It really is an excellent pulled pork sandwich.

*

He's still licking the sauce from his fingers when Dean suddenly starts climbing the stairs up to the house.

"Dude--" Sam calls after him, hastily balling up his sandwich wrapper and tossing it in the back seat. "What are you doing? Just go pee in the bushes--it's not worth a B&E."

"Aren't you going to show me around?" Dean yells back over his shoulder, and that doesn't make any kind of sense, but Sam clambers up after him, because when Dean gets like this he usually needs someone to rein him in a little, and whoever owns this place probably doesn't deserve to have their underwear pawed through just because Sam's brother is a weirdo. "It's only been, what--thirteen, fourteen years? Can't have changed that much."

Thirteen years? What on earth--

And then Sam crests the hill and can see across the lake properly, to where he and Dean had sat only an hour or two earlier, and he staggers a bit coming off the last step, because this is Jess's family's house, and how could he have not realized it sooner? It should take more than new paint and caterpillar-destroyed trees to disorient him so badly.

"Dean--" he says, reprimand or plea, but Dean's already picked the lock and disappeared inside the kitchen door, screen slamming shut behind him, and Sam really doesn't have any choice but to follow him, though he's suddenly drowning in the long past. God, they'd been so _young_ \--Jess golden and giggling as she hauled luggage in with her sisters, their parents distributing items around the house with the well-oiled motions of long tradition, Sam awkward and out of place and yearning for something he couldn't put into words.

He hasn't thought of her in months, even then had mentioned her to Charlie only as a way to explain how desperately he needed Dean. And now it feels like every step he takes across the yard produces a dozen memories until the very air is full of her presence, sunlight shimmering off her hair. It's both relief and sorrow to escape into the stale coolness of the kitchen, where Dean has gone full psycho and is listening to the messages on the answering machine.

"What are you _doing_?" Sam asks, unsure of the scope of his own question.

"Checking whether we should expect anyone to show up and kick us out," Dean says, utterly matter-of-fact as he flips through the calendar next to the phone. _\--forgot to tell you that they changed the trash pick-up to Thursdays--_ the answering machine adds. "Looks like Uncle Jeff and the kids were supposed to come but had to cancel." He holds up the pages for the current week, and the arrow running across all the days is indeed scribbled out. "And the next time anyone's scheduled is another two weeks from now." _Septic tank is scheduled to be pumped the end of August, so no half-hour showers please--_

"So, what, you're proposing we squat in the house belonging to my dead college girlfriend's family?"

Dean looks uncertain for the first time since they arrived. "We don't have to," he says, not meeting Sam's eyes, fiddling with the corner of the calendar page. "But what're the odds of us ever winding up here again? I figured--" he shrugs, darts a glance up at Sam. "Though I wouldn't mind a bathroom, if they have one. Or is peeing in the bushes really the only option?"

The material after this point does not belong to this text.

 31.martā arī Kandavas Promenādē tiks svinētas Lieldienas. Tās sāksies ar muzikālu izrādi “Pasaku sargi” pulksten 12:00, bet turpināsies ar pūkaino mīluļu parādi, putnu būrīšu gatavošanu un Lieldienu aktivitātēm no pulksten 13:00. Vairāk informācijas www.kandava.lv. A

"Down the hallway, to the right, first doorway on the left," Sam sighs, and settles back against the counter after Dean's gone, trying to figure out why he's feeling so thrown for a loop. In the grand scheme of things, this is far from the strangest thing Dean's ever proposed. Maybe it's just that this is the first to involve pieces of Sam's own history.

Setting aside that aspect, though--how reasonable _is_ Dean's suggestion? Certainly the location can't be beat--right at the epicenter of whatever's going on--and every indication points towards the house being empty for the few days they'd need it. If it was any other slightly-cobwebbed summer house Sam probably wouldn't think twice about squatting here. Or at least not very long.

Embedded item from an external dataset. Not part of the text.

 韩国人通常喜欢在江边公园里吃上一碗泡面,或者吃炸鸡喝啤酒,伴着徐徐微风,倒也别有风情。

He studies the surrounding kitchen, in the vague hope it'll contain something to convince him one way or another. Aside from a shiny new microwave, everything looks ... old. Worn. The mixing bowls on the counter have chipped edges, and the toaster very well could be a relic of the 1950s. There's a vase of shriveled roses on the windowsill behind the sink, at distinct odds with the fresh coat of paint on the exterior of the house, and a vague smell of dust. Everything suggests mostly-absent owners.

If he closes his eyes and and stretches his memory, he can catch glimpses of Jess making pancakes at the stove, of bumping elbows with her father while washing dishes after a meal of corn-on-the-cob, butter and salt thickly coating each plate.

When he opens them again, the kitchen is dark and quiet and empty.

"What's the verdict?" Dean asks, wiping his hands off on his jeans as he comes around the corner. "We shacking up here, or down the road at the 'Come On Inn'?" He says it lightly, like it doesn't matter, and it shouldn't, but it would, and Sam's spent his entire life since college learning not to run from his past. He's not going to quit here.

"Let's use the guest cottage," Sam says, because he's also learned to pick his battles, and if they stay here at the main house he'll just be distracted the entire time.

"Guest cottage? Sweet," Dean says, everything about him easing just a little.

"Wait until you see it," Sam warns. "We might need to pick up a feather duster or two when we run into town."

*

There is indeed a layer of dust over everything, the chest containing sheets and blankets smells very strongly of mothballs, the bed is definitely going to be too short, and Dean gets ambushed across the face with a large cobweb while they're setting up the futon out in the main room. Sam laughs and laughs despite Dean's sputtering threats of retribution, and it feels _good_. So that's already a point in favor of this place over some dreary, generic motel.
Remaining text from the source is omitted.